Here is some Milwaukee info from another forum you might like to read.


Atlas Copco AB purchased Amstar, the parent corporation that owned Milwaukee Electric Tool Corporation in 1995. TTI bought them in Jan 2005 as stated above.
They have been foreign owned for 13 years now. Much of their tools are still made in the US.
They have 5 US based plants and one plant in Mexico.

Milwaukee on Wikipedia
TTI is also in the process of closing the four US plants of Milwaukee and moving the production to China." 
According to the warranty information on Ridgid power tools...
This product is manufactured by One World Technologies, Inc., under a trademark license 
from RIDGID, Inc. All warranty communications should be directed to One World 
Technologies, Inc., attn: RIDGID handheld and stationary power tool technical service at (toll 
free) 1-866-539-1710.


----------



## LGLS (Nov 10, 2007)

itsunclebill said:


> I'm well aware that the world is changing and that business does what it has to to compete. What doesn't make sense is that I am seeing a company that traditionally built power tools in the USA marketing tools built in China - and still charging the prices for USA built tools.


Manufacturers don't seek out cheaper labor to save the customer money. They do it to increase profits. Look at how many cars and trucks are built in Mexico. Have car prices fallen?
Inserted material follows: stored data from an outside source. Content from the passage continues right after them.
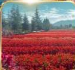
สวนดอกไม้ HUA YU MU CHANG
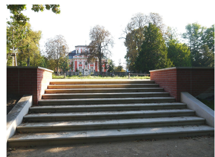
Sanierte historische Treppe mit Blick zur Schlosskirche
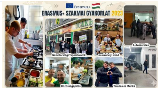
Erasmus+ szakmai gyakorlat – munkahelyi tapasztalatok (2023)
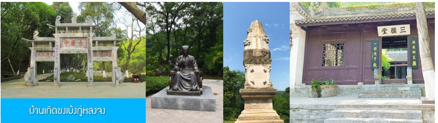
บ้านเกิดขงเบ้งกู่หลงจาง

พักที่ XIANGYANG MEIHAO HOTEL ระดับ 4 ดาวท้องถิ่นหรือเทียบเท่าในเมืองเซียงหยาง
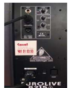
Part posterior altaveu

5. Ja podeu posar en posició ON tots els components, i ajustar el nivell de volum, respectant el recorregut del so. Micro → Taula → Altaveus. 1er encendrem la taula de so , i després els altaveus un per un.
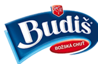
Budiš, a. s.
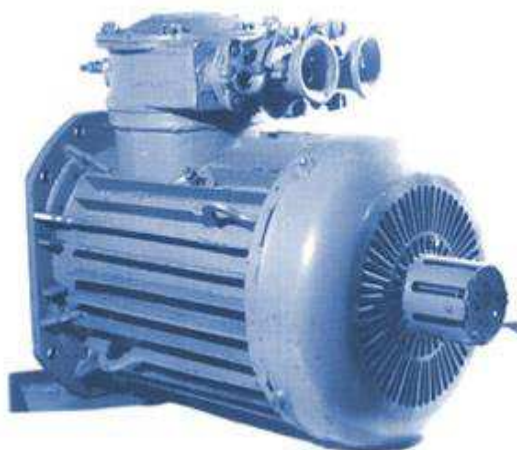
Рисунок 2 — Зовнішній вигляд запровадженого електродвигуна (ЗЕДКОФ250)

Запровадження двигунів було запропоновано на скребкових та стрічкових конвеєрах, на яких функціонують застарілі двигуни. Економічний ефект від запропонованого заходу становить 381,553 тис. грн./рік.
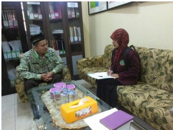
Wawancara dengan Kepala Sekolah SDI Al-Azhar 25 Semarang
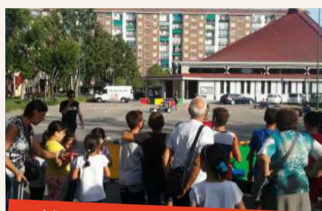
Via Negarville - Aggregazione
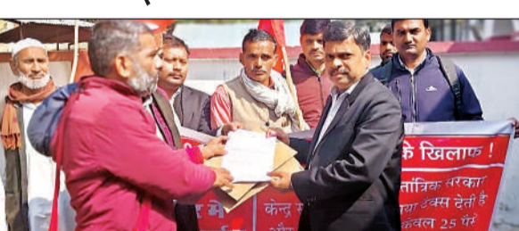
नगर मजिस्ट्रेट को जापान सौंपते कम्युनिस्ट पार्टी के पदाधिकारी। अमृत विचार

गोंडा कार्यालय: केरल व अन्य राज्यों के प्रति केंद्र सरकार द्वारा किए जा रहे भेदभाव तथा विद्युत विधेयक को रद्द किए जाने सहित अन्य मांगों को भारत की कम्युनिस्ट पार्टी ( मार्क्सवादी) जिला कमेटी गोंडा बरगामपुर एवं ट्रेड यूनियन के पदाधिकारियों ने बृहस्पतिवार को जिला कलेक्ट्रेट में पैदल मार्च कर नगर मजिस्ट्रेट को जापान सौंपा। राष्ट्रपति को संबोधित मांगपत्र में केरल सहित अन्य राज्यों को उनके करों और संसाधन के तय हिस्से से वंचित करना बंद किए जाने, केंद्र सरकार पर राज्य सरकारों के उधार लेने की सीमा तय करने पर रोक लगाई जाने, केंद्र सरकार राज्य सूची के विषय में हस्तक्षेप करने के लिए केंद्र प्रायोजित योजनाओं का

Right now, CHINA is too expensive and many manufacturers are pulling out their factories and sending them to other countries in the Pacific rim. "Made in China" will soon be a thing of the past. 
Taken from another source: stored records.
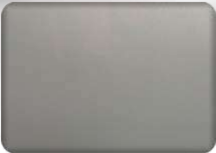
Ral 9006 FT
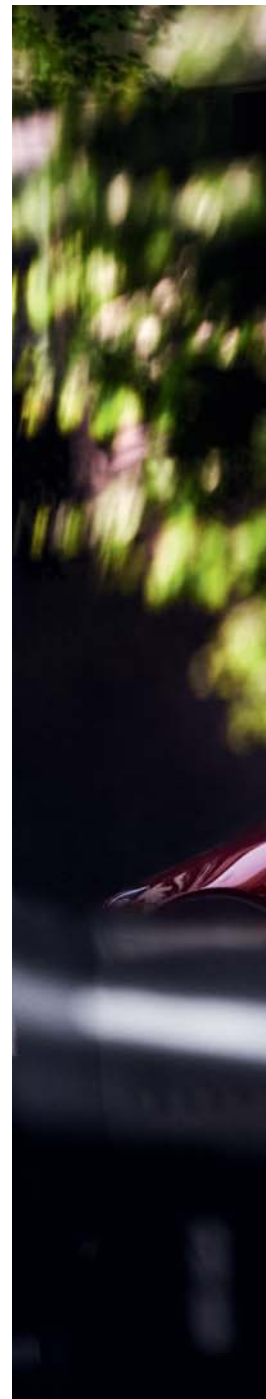
La imagen muestra un Mazda CX-3 en Soul Red Crystal
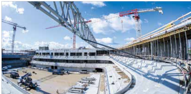
Ütemterv szerint halad az Alba Aréna építése

Az Alba Aréna épülete már látványosan magasodik a Budai út mellett. Tavaly novemberben adták át a munkaterületet, és az azóta eltelt tizenegy hónapban a csarnoképület vasbeton szerkeze-

> The case in point is a Milwaukee close quarters drill. It has a made in china label on it. It was sitting on the shelf in Tool King next to a DeWalt, Bosch, and a couple of other drills made either in the US, Germany, or Japan, and all priced the same.
> 
> There was a generic-named tool a bit further down on the shelf that looked like the older model Milwaukee used to sell for this tool. Made in China, it was 20% the cost of the Milwaukee.
> 
> I guess my point is that I've always been willing to pay for good tools and 10 of the 15 corded tools I use regularly are Milwaukee. However, given that there is nothing in China that isn't cheaper than it is here, looks to me like corporate greed taking over when the company makes stuff there and sells it for made in USA prices.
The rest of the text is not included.